The Black Horse Pike dates all the way back to when America was only 19 years old -- c. 1795 -- when work began on building a new road in, what was then, a much larger Gloucester County.
In the early 1920s, the Black Horse Pike between Mays Landing and Atlantic City was signed as Route 18S. In the late 1920s, the road became Route 42 from Camden to Mays Landing and Route 48 from Mays Landing to Atlantic City -- and on top of that, US Routes 40 and 322 were also running on the Black Horse Pike.
By 1953, instead of having four different route numbers in Atlantic County, the state cleaned up the mess: the beginning of Route 42 was moved up to Williamstown and they simplified the Black Horse Pike as just US Routes 40 and/or 322.
So where did the "Black Horse Pike" name come from? It came from the White Horse Pike, according to some research done by NJ.com.
The White Horse Pike was originally White Horse Road, named after the White Horse Tavern, which was in the village of White Horse (up in the Stratford area). In 1854, the White Horse Turnpike Company turned White Horse Road into a toll road (or turnpike), thus the name, "White Horse Pike."

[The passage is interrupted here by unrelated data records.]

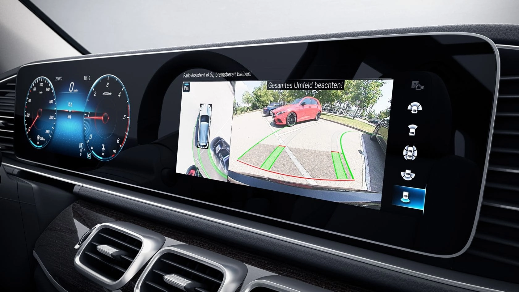 Servicio ideal de aparcamiento a bordo. La ayuda activa para aparcar con cámara de 360° te facilita tanto la búsqueda de estacionamiento como la maniobra de aparcar y desaparcar. La elección está en tus manos: aparcar con soltura gracias a la ayuda de la visión omnidireccional, o relajarte y dejar que el vehículo aparque por sí mismo, incluye una representación virtual desde una perspectiva a vista de pájaro.
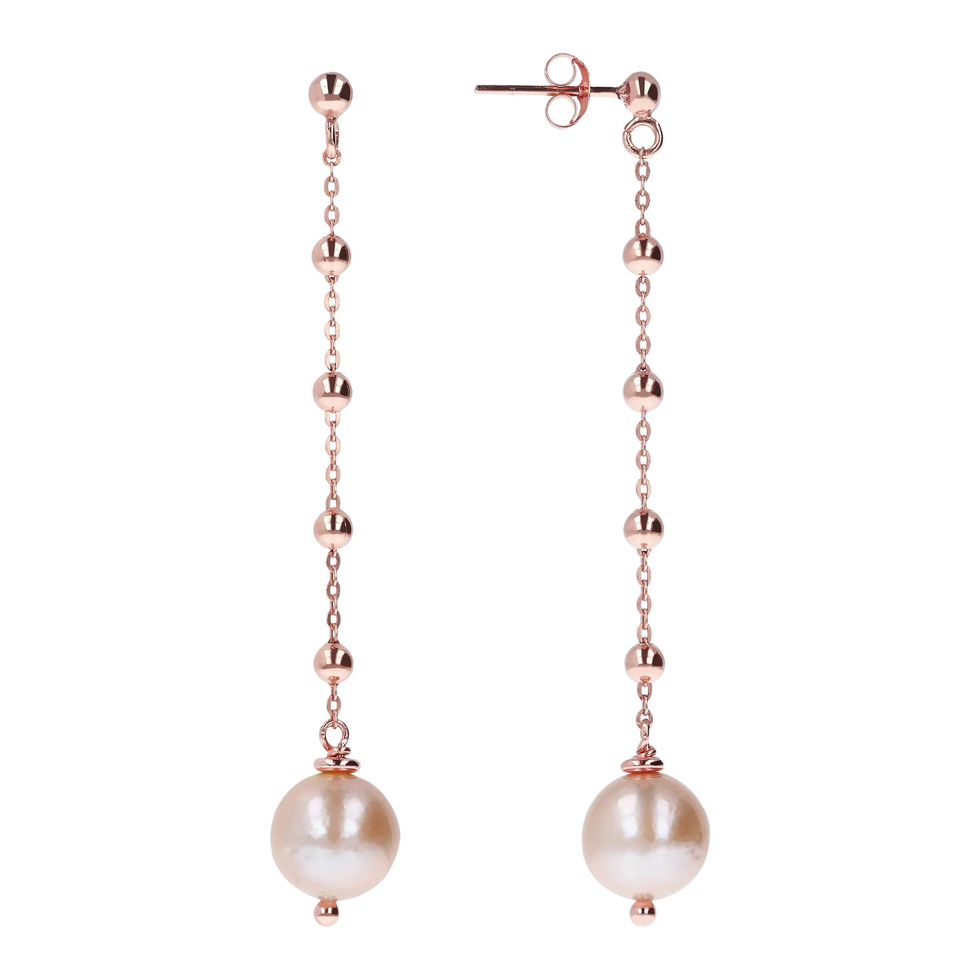 Bronzallure-Ohrringe aus einer Golden-Rosé-Legierung, mit 18-Karat Roségold plattiert, verziert mit einer Reihe kleiner Golden Rosé-Kugeln und einem Anhänger aus rosa Süßwasser-Ming-Zuchtperle (ca. 10 mm). Länge 5,7 cm lang.
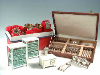 dimensions : 19 x 29 cm - contient un service 25 pièces en fer blanc
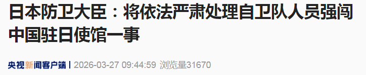 当地时间3月27日,日本防卫大臣小泉进次郎就日本自卫队人员强行闯入中国驻日本大使馆一事表示,应当遵守法律和纪律的自卫队人员被逮捕,令人深感遗憾。他强调,待相关事实关系查明后,将依法严肃处理。
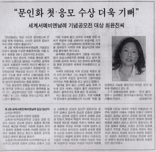 Á¦ 2ȸ ¼¼°è¼¿¹ÀüºÏºñ¿£³¯·¹ ±â³ä°ø¸ðÀü¿¡¼ ´ë»óÀ» ¼ö»óÇÑ ÃÖÀ±Áø¾¾(38, ¼¿ï µµºÀ±¸ ½Ö¹®µ¿ 199-1 ±ÝÈ£¾ÆÆÄÆ®
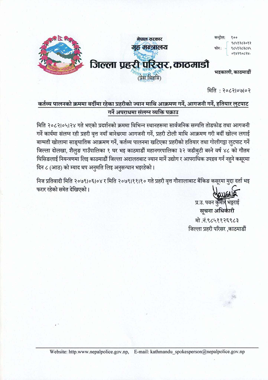 हेर्नुहोस् प्रहरी विज्ञप्ति :
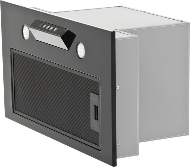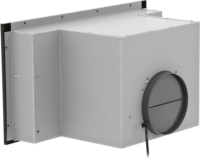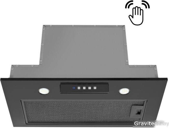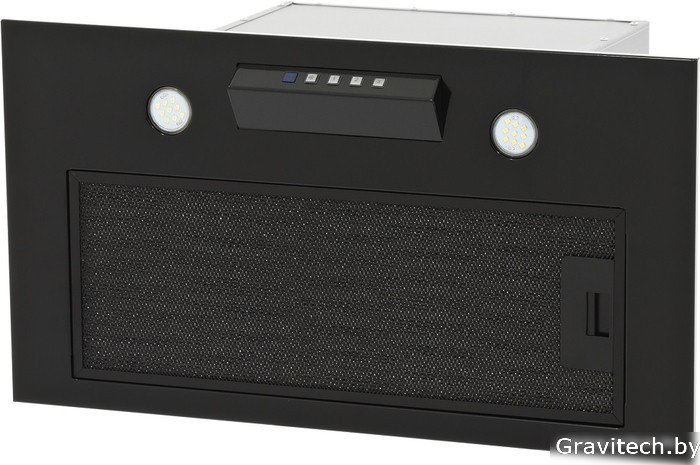 конструкция скрытая, монтаж для встраивания, ширина 53 см, управление электронное/кнопочное, производительность мотора 1250 м3/ч, цвет черный
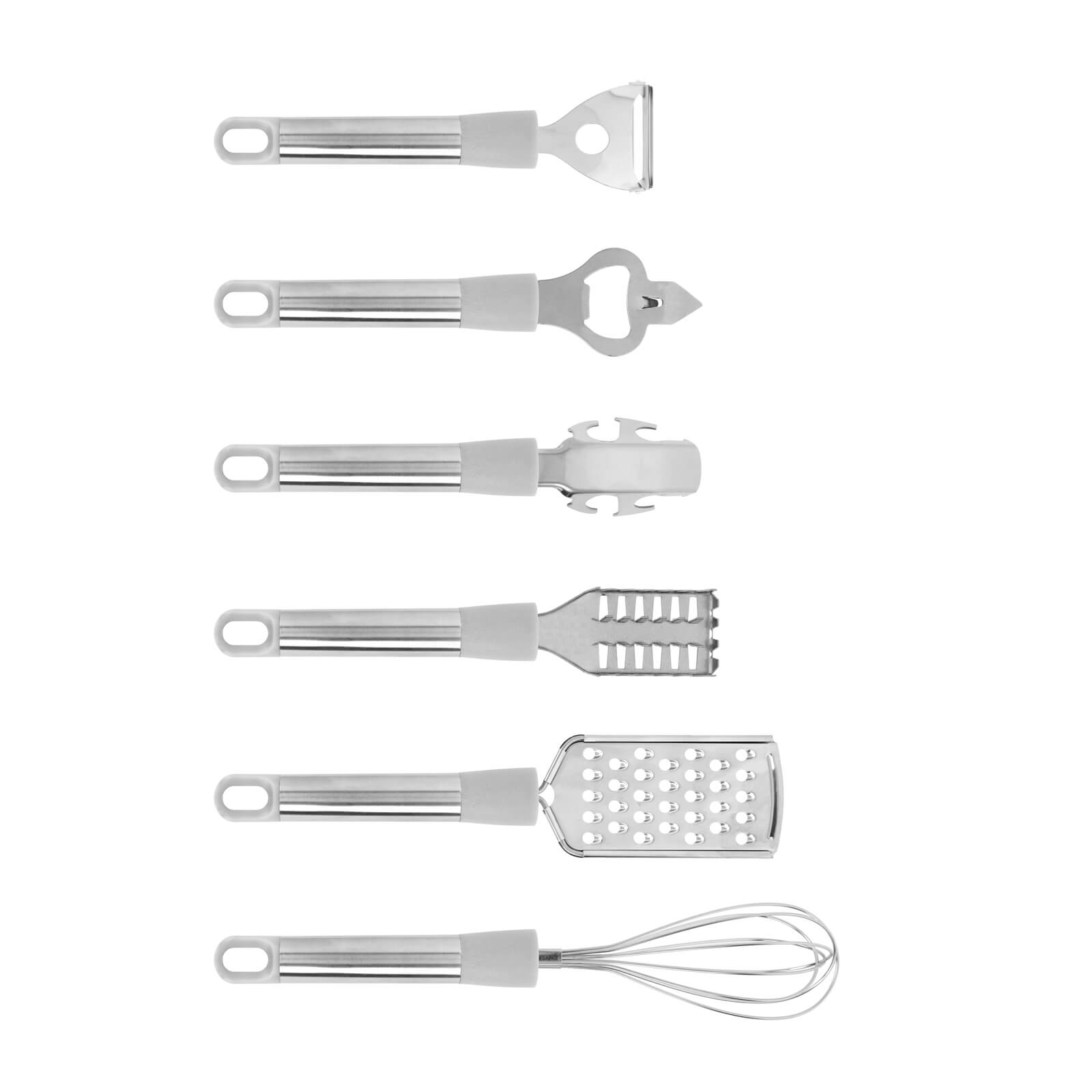 • Rozsdamentes acél nyéllel rendelkező konyhai eszköz szett. Helytakarékosan, könnyen áttekinthetően tárolhatja a mindennapi használati eszközeit. A főzés szinte minden területét lefedő készletben talál többek között habverőt, sajtreszelőt, zöldséghámozót, halpikkely eltávolító eszközt, sörbontót, konzervbontót is.
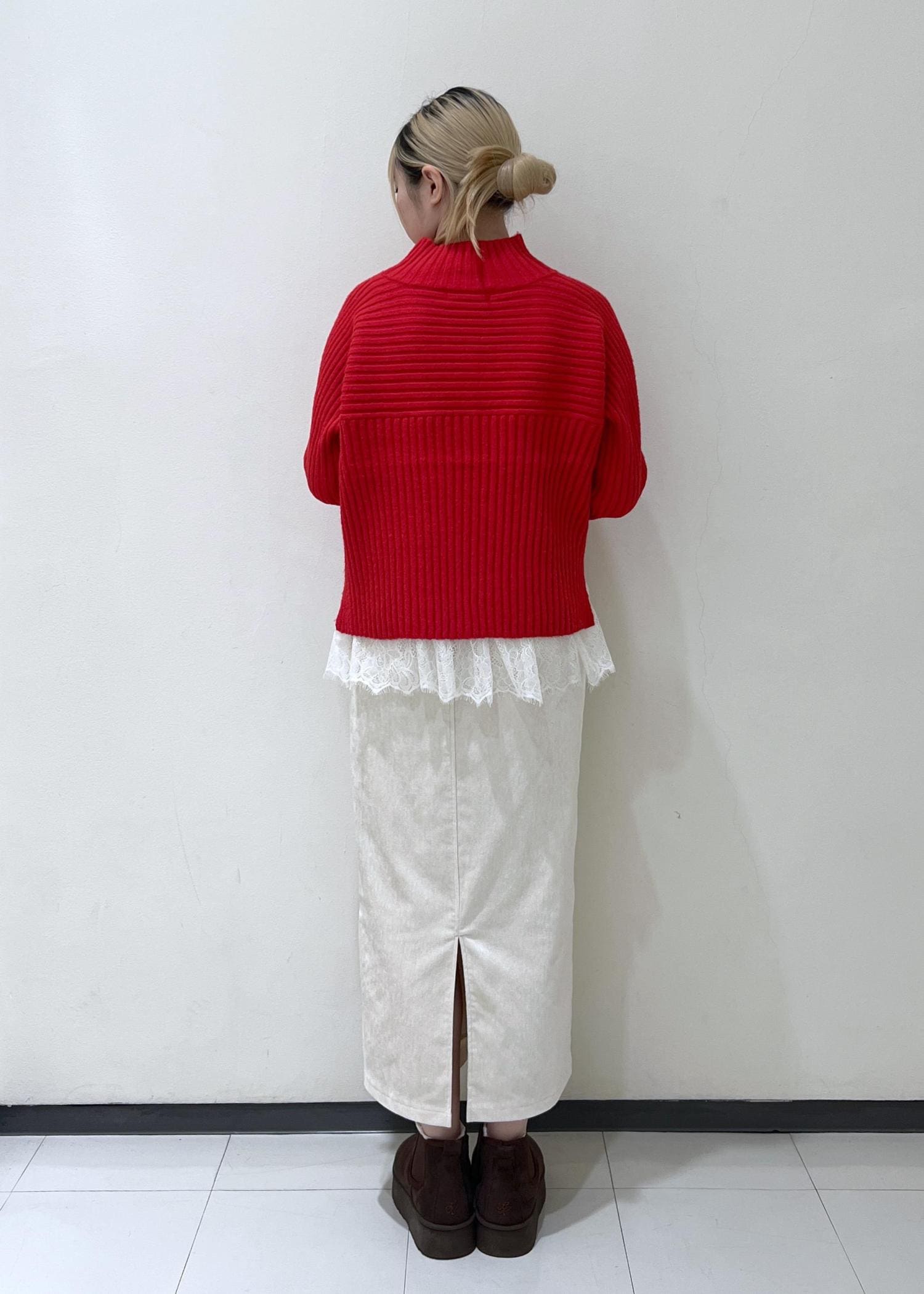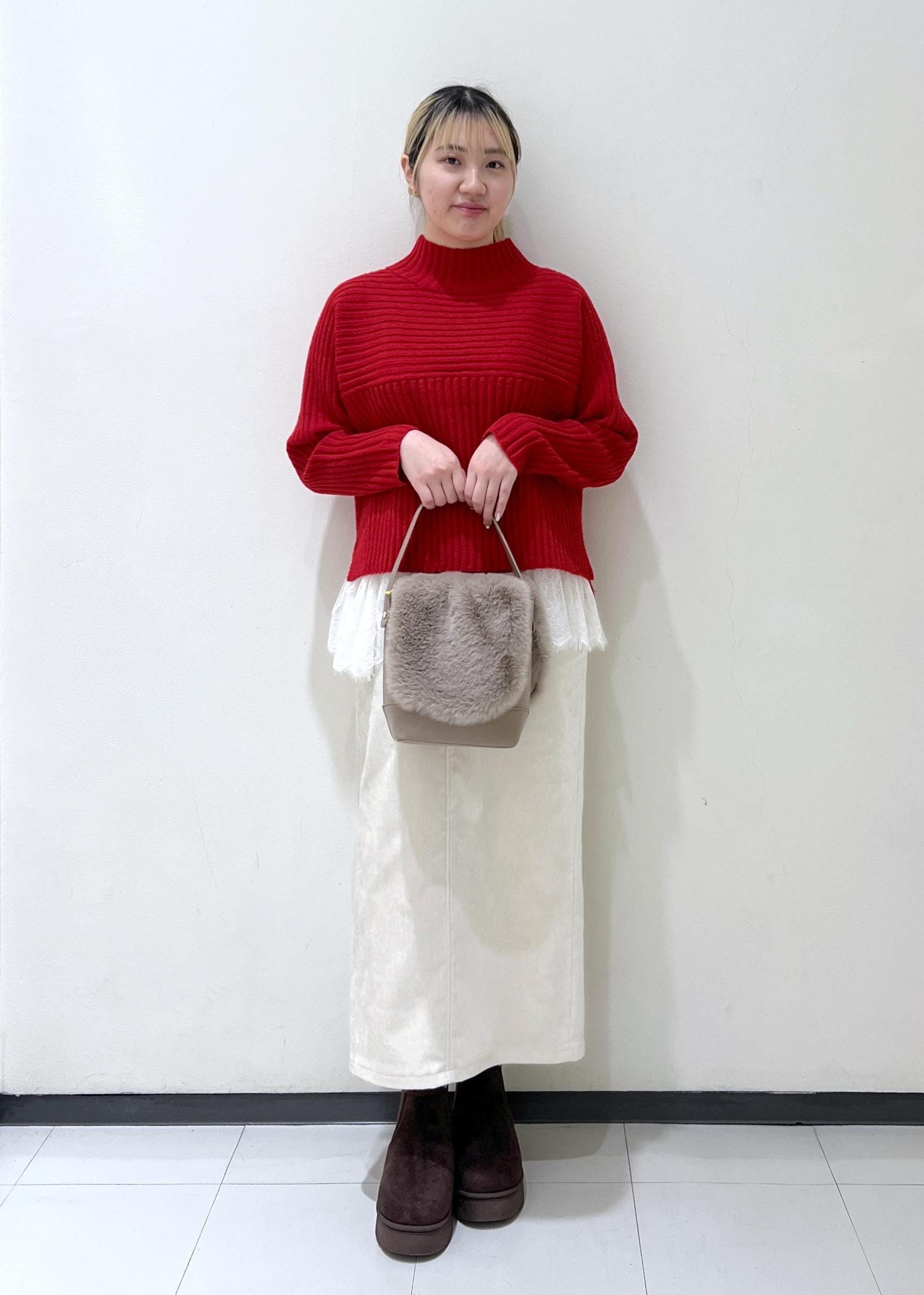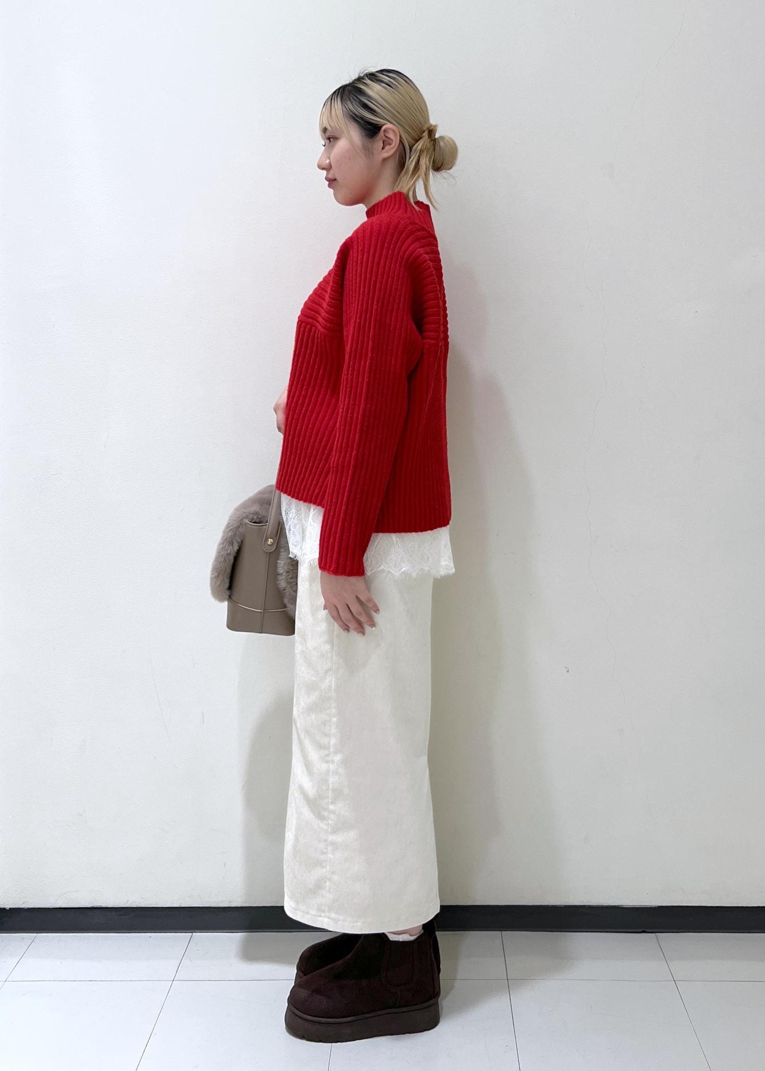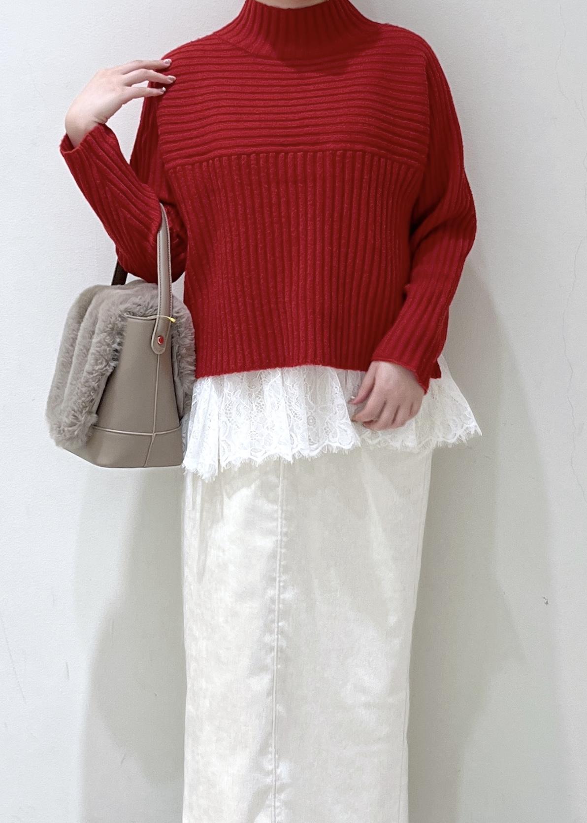 1枚で着映えする赤ニットにレースを合わせたレイヤードスタイルにしました!

Meanwhile, what we now know as the Black Horse Pike went by a bunch of different names. After it was a toll road for a number of years in the mid-to-late 1800s, the state bought the road in 1903, took down the toll, and it became known as Blackwood Pike. In 1925, seeing the success of the White Horse Pike, developers began calling the road the "second White Horse Pike to the shore." That slogan, combined with the name Blackwood Pike, morphed into "Black Horse Pike."